3

Я объявил мадам Б., что на этот раз буду жить у нее довольно долго, но у меня есть просьба. Я сказал ей, что я студент-естественник; она сказала, что знает. Так вот, продолжил я, мне хочется за время пребывания во Франции не только подучить язык, но и продолжить свои научные исследования. Мне нужно будет проводить в своей комнате опыты с приборами и реактивами, представляющие для неопытных людей определенную опасность. Ввиду этого я хотел бы иметь ключ от своей комнаты, и никто не должен туда заходить.

— Вы нас взорвете! — воскликнула она, всплеснув руками.

— Не бойтесь, мадам, — возразил я, — я просто принимаю обычные меры предосторожности. Наши профессора учат нас так всегда делать.

— Но кто же будет прибирать в вашей комнате и стелить постель?

— Я сам, — сказал я. — Это спасет вас от множества хлопот.

Она долго ворчала и бурчала, но в конце концов сдалась.

В этот вечер на ужин у нас были свиные ножки в белом соусе — еще одно отвратительное блюдо. Мсье Б. уплетал их со всегдашними хлюпающими звуками и восклицаниями восторга; под конец все его лицо было измазано липким белым соусом. Я извинился и встал из-за стола как раз в тот момент, когда он собирался переправить свои вставные челюсти в полоскательницу. Я поднялся к себе наверх и запер дверь.

И только тут, впервые за десять дней, я развязал свой коричневый сверток. Благодарение Господу, порошок был надежно упакован в две жестянки из-под печенья. Я открыл одну из жестянок. Порошок оказался светло-серым и мелким, как мука. Вот тут, передо мной, сказал я себе, вероятно, лежит драгоценнейший клад, какой только может найти человек. Я сказал «вероятно» потому, что ничего еще не было доказано. Я мог только полагаться на слова майора, что это зелье действует, и на слова носильщика, что оно настоящее.

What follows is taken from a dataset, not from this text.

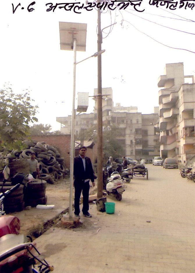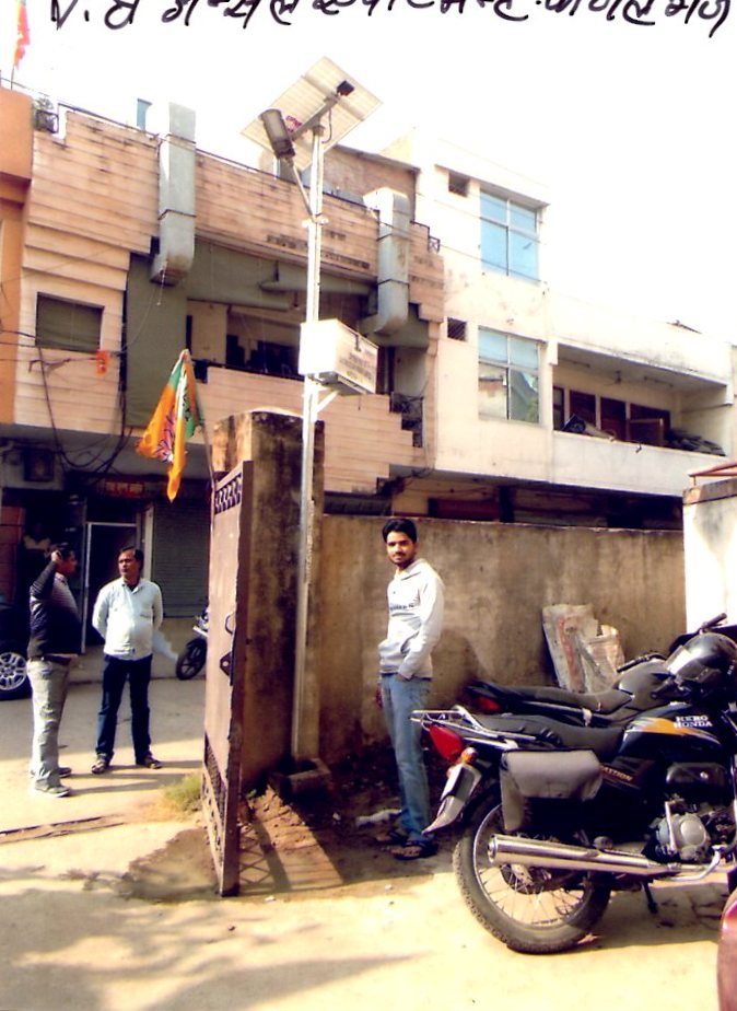 अधिष्ठापित सोलर लाइटों का छायाचित्र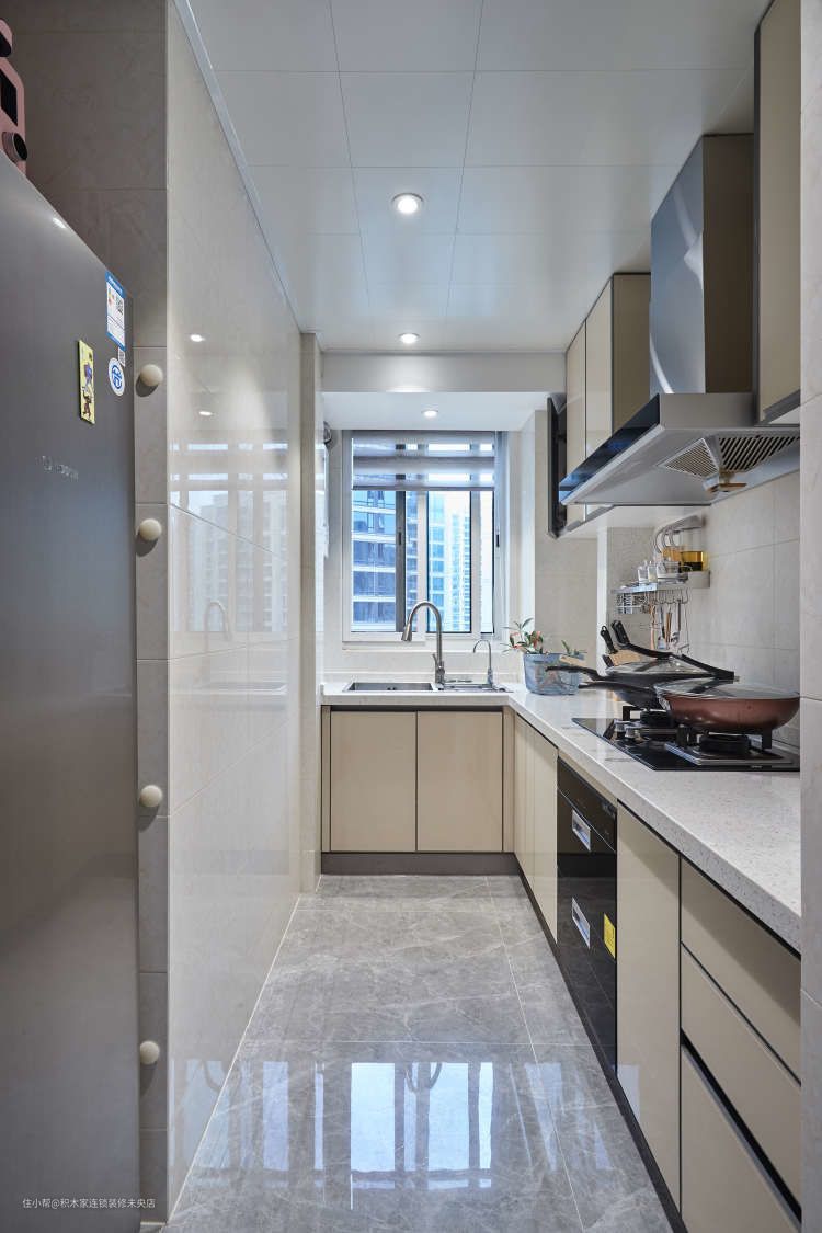 小厨房适合选用浅色系的瓷砖和橱柜,会显得空间大很多。全屋统一使用同色温和照度的射灯,比集成吊顶标配的平板灯照出来的光氛围更立体,更高级。

До самой полуночи я лежал на кровати и читал книгу. Затем разделся, натянул пижаму, взял булавку головкой вверх и слегка присыпал ее сверху порошком. На булавочной головке задержалась крошечная кучка мельчайших зерен. Очень осторожно, чтобы не просыпать, я поднес булавку ко рту и слизнул порошок. У него не было никакого вкуса. Я засек время по часам, сел на краю кровати и начал ждать.

Результаты последовали довольно быстро. Точно через девять минут мое тело стало жестким и непослушным, я начал задыхаться и издавать булькающие звуки. Я окаменел на месте ровно так же, как майор Граут окаменел на своей веранде со стаканом виски в руке. Но так как я принял гораздо меньшую дозу, мой паралич продлился всего лишь несколько секунд, а затем, в полном согласии с описанием майора, я ощутил жжение в паху. За следующую минуту — и снова майор описал это лучше меня — мой орган распрямился и напрягся, как грот-мачта шхуны.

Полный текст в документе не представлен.